[Data excerpts]
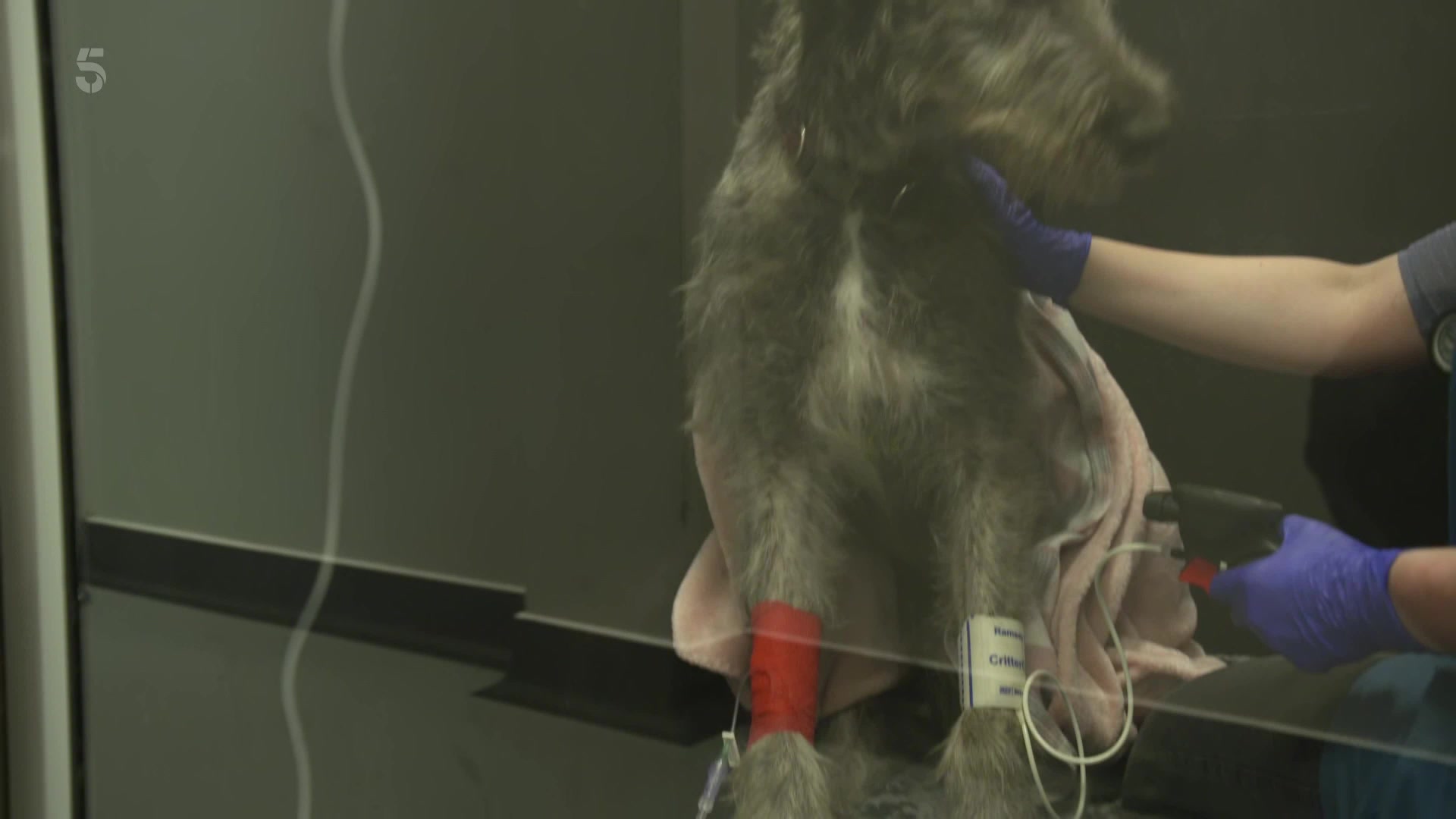 A freak accident leaves a young Irish Wolfhound stuck in a tiny gap between two walls, and Peter treats a pet fish brought to the practice in a bucket of water. Elsewhere, Matt Smith has to perform a rare and complex operation, and Julian Norton treats some sheep feet and helps himself to a tasty farm shop treat.
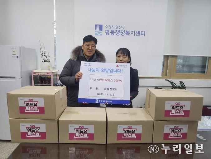 (누리일보) 수원시 권선구 고색동 소재 하늘성교회는 지난 23일 성탄절을 맞이하여 '위드유박스' 21박스를 평동 행정복지센터에 전달했다.
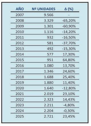 A partir de dicho año, el mercado ha vuelto a activarse, pero muy alejado de las casi 10.000 máquinas del año 2007. En el ejercicio 2025 ha habido un importante incremento, de un 23,45%, y todo parece indicar que este 2026 el mercado va a seguir en esa tendencia de crecimiento tan fuerte.
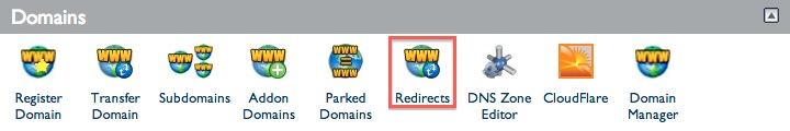 - Click the Redirects icon, in the Domains section of the cPanel.
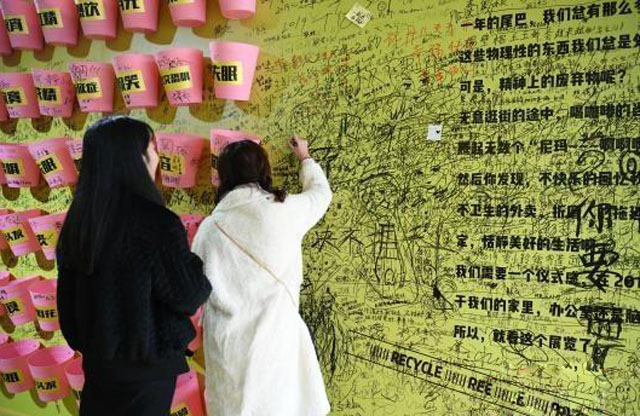 除了這些垃圾收集裝置,垃圾箱內(nèi)的三面?zhèn)葔偷孛嬉渤蔀槭忻裥沟钠脚_,寫滿了戳心的留言。如“扔掉和我媽的溝通不暢”“2018我抑郁癥了,話更少了,希望你不要離開,一起去馬來西亞”……字字句句都反映出當代年輕人的生活壓力,以及對輕松、快樂的渴望。
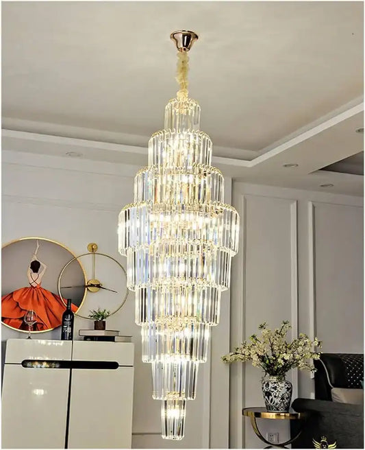 HDC Spiral High Ceiling Light Fixture Long Crystal Chandelier For Foyer Staircase/ Living Room

▸ Task directions
Set down, word for word, the line that holds "(누리일보) 수원시 권선구" and all lines after it to the end of the entries above, but not the pictures.

▸ Response to the task
 (누리일보) 수원시 권선구 고색동 소재 하늘성교회는 지난 23일 성탄절을 맞이하여 '위드유박스' 21박스를 평동 행정복지센터에 전달했다.
 A partir de dicho año, el mercado ha vuelto a activarse, pero muy alejado de las casi 10.000 máquinas del año 2007. En el ejercicio 2025 ha habido un importante incremento, de un 23,45%, y todo parece indicar que este 2026 el mercado va a seguir en esa tendencia de crecimiento tan fuerte.
 - Click the Redirects icon, in the Domains section of the cPanel.
 除了這些垃圾收集裝置,垃圾箱內(nèi)的三面?zhèn)葔偷孛嬉渤蔀槭忻裥沟钠脚_,寫滿了戳心的留言。如“扔掉和我媽的溝通不暢”“2018我抑郁癥了,話更少了,希望你不要離開,一起去馬來西亞”……字字句句都反映出當代年輕人的生活壓力,以及對輕松、快樂的渴望。
 HDC Spiral High Ceiling Light Fixture Long Crystal Chandelier For Foyer Staircase/ Living Room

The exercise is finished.